* **EXERCISE**: Everything in the data gets repeated exactly, except for the pictures.

* **INFORMATION SUPPLIED**:
BEGIN

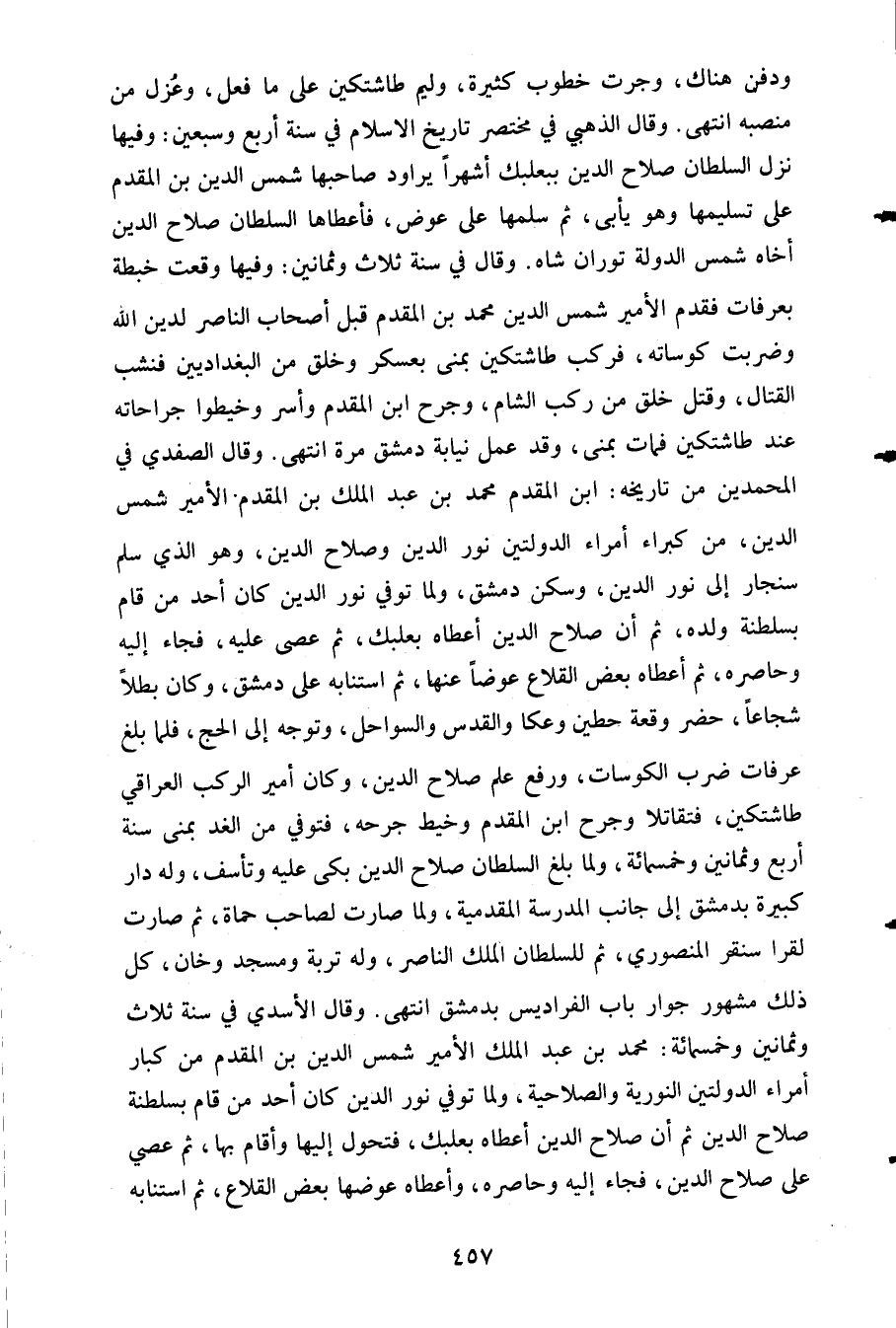 ودفن هناك وجرت خطوب كثيرة وليم طاشتكين على ما فعل وعزل من منصبه انتهى. وقال الذهبي في مختصر تاريخ الإسلام في سنة أربع وسبعين: وفيها نزل السلطان صلاح الدين ببعلبك أشهرا يراود صاحبها شمس الدين بن المقدم على تسليمها وهو يأبى ثم سلمها على عوض فأعطاها السلطان صلاح الدين أخاه شمس الدولة توران شاه وقال في سنة ثلاث وثمانين وفيها وقعت خبطة بعرفات فقدم الأمير شمس الدين محمد بن المقدم قبل أصحاب الناصر لدين الله وضربت كوساته فركب طاشتكين بمنى بعسكر وخلق من البغداديين فنشب القتال وقتل خلق من ركب الشام وجرح ابن المقدم وأسر وخيطوا جراحاته عند طاشتكين فمات بمنى وقد عمل نيابة دمشق مرة انتهى. وقال الصفدي في المحمدين من تاريخه: ابن المقدم محمد بن عبد الملك بن المقدم الأمير شمس الدين من كبراء أمراء الدولتين نور الدين وصلاح الدين وهو الذي سلم سنجار إلى نور الدين وسكن دمشق ولما توفي نور الدين كان أحد من قام بسلطنة ولده ثم أن صلاح الدين أعطاه بعلبك ثم عصى عليه فجاء إليه وحاصره ثم أعطاه بعض القلاع عوضا عنها ثم استنابه على دمشق وكان بطلا شجاعا حضر وقعة حطين وعكا والقدس والسواحل وتوجه إلى الحج فلما بلغ عرفات ضرب الكوسات ورفع علم صلاح الدين وكان أمير الركب العراقي طاشتكين فتقاتلا وجرح ابن المقدم وخيط جرحه فتوفي من الغد بمنى سنة أربع وثمانين وخمسمائة ولما بلغ السلطان صلاح الدين الدين بكى عليه وتأسف وله دار كبيرة بدمشق إلى جانب المدرسة المقدمية ولما صارت لصاحب حماة ثم صارت لقرا سنقر المنصوري ثم للسلطان الملك الناصر وله تربة ومسجد وخان كل ذلك مشهور جوار باب الفراديس بدمشق انتهى. وقال الأسدي في سنة ثلاث وثمانين وخمشمائة: محمد بن عبد الملك الأمير شمس الدين بن المقدم من كبار أمراء الدلتين النورية والصلاحية ولما توفي نور الدين كان أحد من قام بلسطنة صلاح الدين ثم أن صلاح الدين أعطاه بعلبك فتحول إليها وأقام بها ثم عصي على صلاح الدين فجاء إليه وحاصره وأعطاه عوضها بعض القلاع ثم استنابه
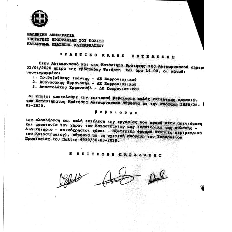 Η παραπάνω πρόταση που αποδίδεται εξ’ ολοκλήρου στο «πόρισμα» του ΣΔΟΕ είναι απολύτως ψευδής, καθώς η Γενική Γραμματεία Αντεγκληματικής Πολιτικής έχει για κάθε απολύμανση έγγραφα ορθής εκτέλεσης της υπηρεσίας, τα οποία μάλιστα έχουν κατατεθεί και στη Βουλή κατά τον Κοινοβουλευτικό Έλεγχο που έγινε, ως εκ τούτου είναι δημόσια έγγραφα που μπορεί να βρει ο οποιοσδήποτε.
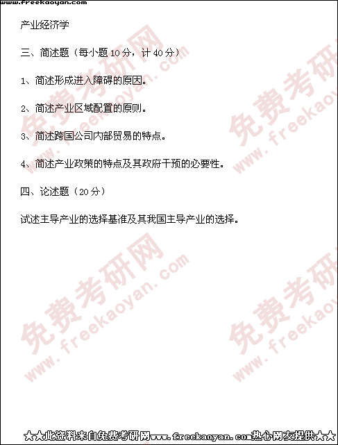 西南财经大学2000年考研真题-产业经济学(所有试题)
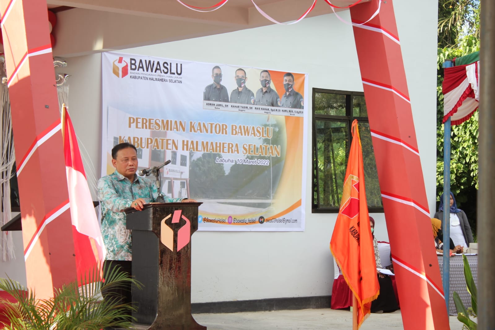 Ketua Bawaslu Abhan saar meresmikan kantor Bawaslu Halmahera Selatan, Kamis (10/3/2021).

END

* **RESPONSE TO THIS EXERCISE**:
 ودفن هناك وجرت خطوب كثيرة وليم طاشتكين على ما فعل وعزل من منصبه انتهى. وقال الذهبي في مختصر تاريخ الإسلام في سنة أربع وسبعين: وفيها نزل السلطان صلاح الدين ببعلبك أشهرا يراود صاحبها شمس الدين بن المقدم على تسليمها وهو يأبى ثم سلمها على عوض فأعطاها السلطان صلاح الدين أخاه شمس الدولة توران شاه وقال في سنة ثلاث وثمانين وفيها وقعت خبطة بعرفات فقدم الأمير شمس الدين محمد بن المقدم قبل أصحاب الناصر لدين الله وضربت كوساته فركب طاشتكين بمنى بعسكر وخلق من البغداديين فنشب القتال وقتل خلق من ركب الشام وجرح ابن المقدم وأسر وخيطوا جراحاته عند طاشتكين فمات بمنى وقد عمل نيابة دمشق مرة انتهى. وقال الصفدي في المحمدين من تاريخه: ابن المقدم محمد بن عبد الملك بن المقدم الأمير شمس الدين من كبراء أمراء الدولتين نور الدين وصلاح الدين وهو الذي سلم سنجار إلى نور الدين وسكن دمشق ولما توفي نور الدين كان أحد من قام بسلطنة ولده ثم أن صلاح الدين أعطاه بعلبك ثم عصى عليه فجاء إليه وحاصره ثم أعطاه بعض القلاع عوضا عنها ثم استنابه على دمشق وكان بطلا شجاعا حضر وقعة حطين وعكا والقدس والسواحل وتوجه إلى الحج فلما بلغ عرفات ضرب الكوسات ورفع علم صلاح الدين وكان أمير الركب العراقي طاشتكين فتقاتلا وجرح ابن المقدم وخيط جرحه فتوفي من الغد بمنى سنة أربع وثمانين وخمسمائة ولما بلغ السلطان صلاح الدين الدين بكى عليه وتأسف وله دار كبيرة بدمشق إلى جانب المدرسة المقدمية ولما صارت لصاحب حماة ثم صارت لقرا سنقر المنصوري ثم للسلطان الملك الناصر وله تربة ومسجد وخان كل ذلك مشهور جوار باب الفراديس بدمشق انتهى. وقال الأسدي في سنة ثلاث وثمانين وخمشمائة: محمد بن عبد الملك الأمير شمس الدين بن المقدم من كبار أمراء الدلتين النورية والصلاحية ولما توفي نور الدين كان أحد من قام بلسطنة صلاح الدين ثم أن صلاح الدين أعطاه بعلبك فتحول إليها وأقام بها ثم عصي على صلاح الدين فجاء إليه وحاصره وأعطاه عوضها بعض القلاع ثم استنابه
 Η παραπάνω πρόταση που αποδίδεται εξ’ ολοκλήρου στο «πόρισμα» του ΣΔΟΕ είναι απολύτως ψευδής, καθώς η Γενική Γραμματεία Αντεγκληματικής Πολιτικής έχει για κάθε απολύμανση έγγραφα ορθής εκτέλεσης της υπηρεσίας, τα οποία μάλιστα έχουν κατατεθεί και στη Βουλή κατά τον Κοινοβουλευτικό Έλεγχο που έγινε, ως εκ τούτου είναι δημόσια έγγραφα που μπορεί να βρει ο οποιοσδήποτε.
 西南财经大学2000年考研真题-产业经济学(所有试题)
 Ketua Bawaslu Abhan saar meresmikan kantor Bawaslu Halmahera Selatan, Kamis (10/3/2021).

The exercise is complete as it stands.